The Partition led to Swadeshi. Of course, there was nothing new in an attempt to encourage Indian industries. For thirty years past the true friends of India, like Sir William Wedderburn, had been insisting that the solution of her economic miseries lay partly in diverting some portion of her agricultural population to the industrial work for which she used to be celebrated till England stamped on her manufactures and determined to use her only as a farm for raw material and a market for Lancashire. Artistic people had also attempted to realize the same object, for it did not require a politician’s eye to perceive the immense superiority of Indian fabrics in point of beauty. But the true Swadeshi movement dates from the year of the Partition. I believe it was first suggested by Mr.
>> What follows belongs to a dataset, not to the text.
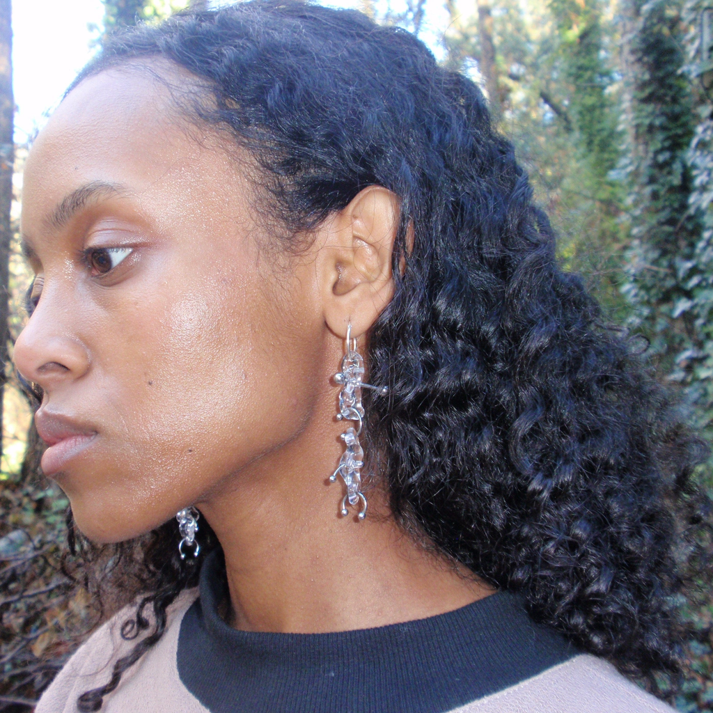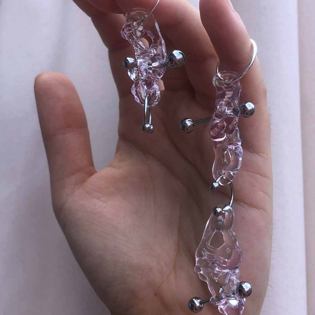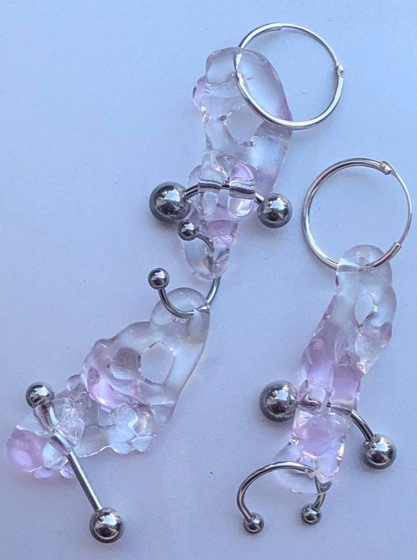 Transparent highly resistant borosilicate glass, with triple 100% steel piercing, and silver 925 hoop earring - the piece can be used as a necklace also, chain not included. Each piece is made by hand and is one of a kind, so shape may vary.

Krishna Kumar Mitra in his paper Sanjibani, when he declared that India’s one sure means of drawing England’s attention to the Partition and other wrongs was the boycott of British goods. The movement, however, did not become public till a great meeting held in Calcutta Town Hall on August 7, 1905, to protest against the Partition. A form of oath was then drawn up by Mr. Surendra Nath Banerjea, Principal of Ripon College, Editor of the Bengali, and probably the most prominent leader of the Congress party in Bengal, and the oath ran as follows:—

“I hereby pledge myself to abstain from the purchase of all English-made goods for at least a year from this date. So help me God.”

Thus a movement which had been entirely economic for some twenty years suddenly became political, and the boycott was added to Swadeshi. The growth of the new phase was rapid. It spread like a gospel through both provinces of Bengal. Within a few months the reports of our Commissioners were full of it.